Поначалу это Францу как будто и удается, но вскоре он, хотя живется ему сносно, против воли вступает в упорную борьбу с какой-то неведомой силой. Эта сила приходит из мира, в котором живет Франц, но она непостижима и коварна. Похоже, что это его судьба.
Три удара обрушивает она на нашего героя и ломает его жизненные планы. От первого удара, обмана и предательства, Францу удается оправиться. Он еще крепко стоит на ногах. После второго удара, подлости людской, он поднимается уже с трудом, как боксер по счету девять. Но третий сокрушительный удар, чудовищная безмерная жестокость, отправляет его в нокаут.
И вот наш герой, который стойко держался до последней минуты, сломлен.
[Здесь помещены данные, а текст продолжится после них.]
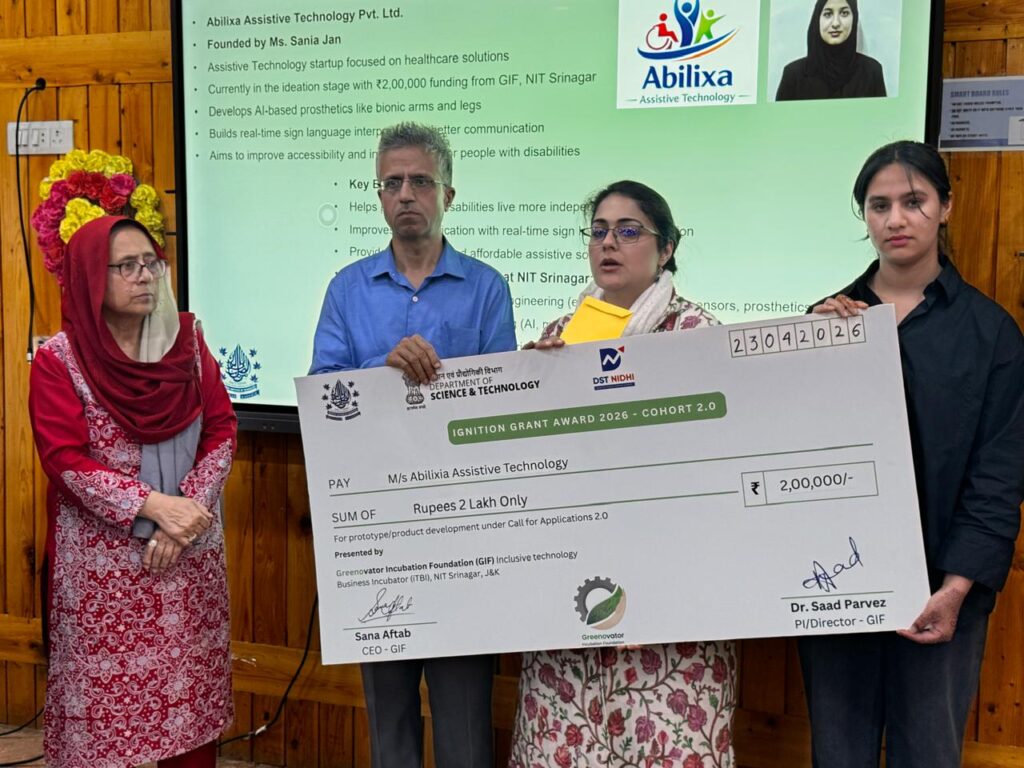 SRINAGAR, APRIL 26 (PTK): In a major push to strengthen the startup ecosystem in Jammu and Kashmir, the Greenovator Incubation Foundation (GIF) at National Institute of Technology Srinagar (NIT) awarded ignition grants to 10 emerging startups under Cohort 2.0 during the Ignition Grant Felicitation Ceremony 2026.

Он отказывается от борьбы и не видит выхода. Судя по всему — его песенка спета.
Но в тот момент, когда он готов покончить все счеты с жизнью, у него вдруг словно пелена с глаз упала, о том, как это случилось, я пока умолчу.
Ему нагляднейшим образом растолковали, кто повинен во всех его бедах: он сам, кто же еще? он сам и его план новой жизни. Казалось, в этом плане не было ничего особенного. Все в нем выглядело просто и, пожалуй, естественно. Но теперь вдруг стало ясно, что план этот был порожден самонадеянностью и невежеством и, при всей своей дерзости, проникнут малодушием и вообще никуда не годен.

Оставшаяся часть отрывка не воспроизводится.